Юдоль — страница 69 из 74

Зовёте меня липким!

Да! Я готов на липкости!

Ух! Я готов на липкости!..

Но лишь бы в потасовке

Хватило бы мне гибкости!

Хватило бы мне гибкости!..

Куплеты – в приложении к монографии Б.Д. Когана «Гебефреническая шизофрения у подростков» под редакцией профессора А.Н. Корнетова.

Бывало, от тоски и скуки гаркнешь среди ночи:

– Карабас! Мыло!..

И тотчас на всю палату:

Зовёте меня мыльным!

Да! Я готов на мыльности!

Р-р-р!.. Я готов на мыльности!

Но лишь бы в потасовке

Хватило мне стабильности!

Хватило мне стабильности!..

Что угодно кричи, хоть: «Эллипс!» Сразу откликнется: «Зовёте меня Эллипс! Да, я готов на эллипсы! Ух, я готов на эллипсы!..»

Он и перед битвой рвёт горло, подражая рыку Высоцкого:

Зовёте меня мёртвым!

Эх, я готов на мёртвости!

Ух, я готов на мёртвости!..

Но лишь бы в потасовке

Хватило бы мне чёрствости!

Хватило бы мне чёрствости!..

К отряду присоединились ведьмы и колдуньи – маркитантский обоз и санитарная поддержка: у безбровой Денисовны корзинка с батонами, Васильевна (один зрачок карий, другой зелёный) тащит ведро яблок, что нападали в саду возле ДК. Артамоновна, багровое пятно во всю щёку, как младенца баюкает пятилитровую бутыль самогона.

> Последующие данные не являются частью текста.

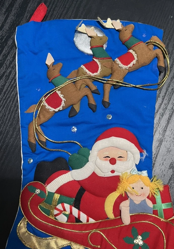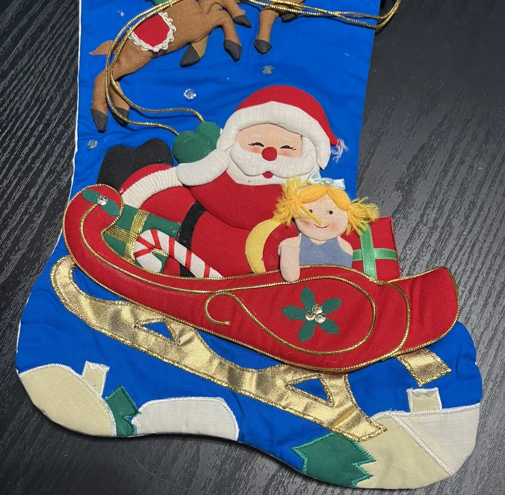Completed VTG Bucilla Christmas Stocking Santa Flying Sleigh Reindeer Doll 3D

Анисимовне (с поганкой в ухе) доверили аптечку. Карга Егоровна шлёпает налегке.

Предостаточно и молодых сил. Узкоглазый Кимыч с гитарой и его неформалы – не меньше дюжины. Ведьмаки и колдуны из регионов – десятка полтора. Из приезжих узнаю горбатого Агафоныча – брехливо наяривает на аккордеоне покойного Ираклия. Можно сказать, поднял инструмент, как упавшее знамя!

Кого-то даже несут на импровизированных носилках из одеяла и двух жердей – прям как шведского короля Карла II. Подставили косые плечи Нилыч, Артурыч, Емельяныч и Геннадьич.

Милая, не поверишь, на носилках копролитовый Сатана! Рядом торжественно вышагивает Лукич с орденской подушкой, на которой фрагмент черепа Клавы Половинки – височная часть с кудряшками и затылок.

Но кто сколотил корявое ополчение?! Их же реально много – четыре десятка! Кто усовестил, объединил и повёл в наступление?! Да Олеговна же! Девица с кроличьими зубами и сальными космами. Прям Жанна д’Арк какая-то! Её же только «отчеством» наделили, а уже освоила функции духовного лидера и полководца!

– Вперёд, братцы! – хрипло взывает Олеговна, подгоняя робеющих нелюдей. – Вперёд! За мной!..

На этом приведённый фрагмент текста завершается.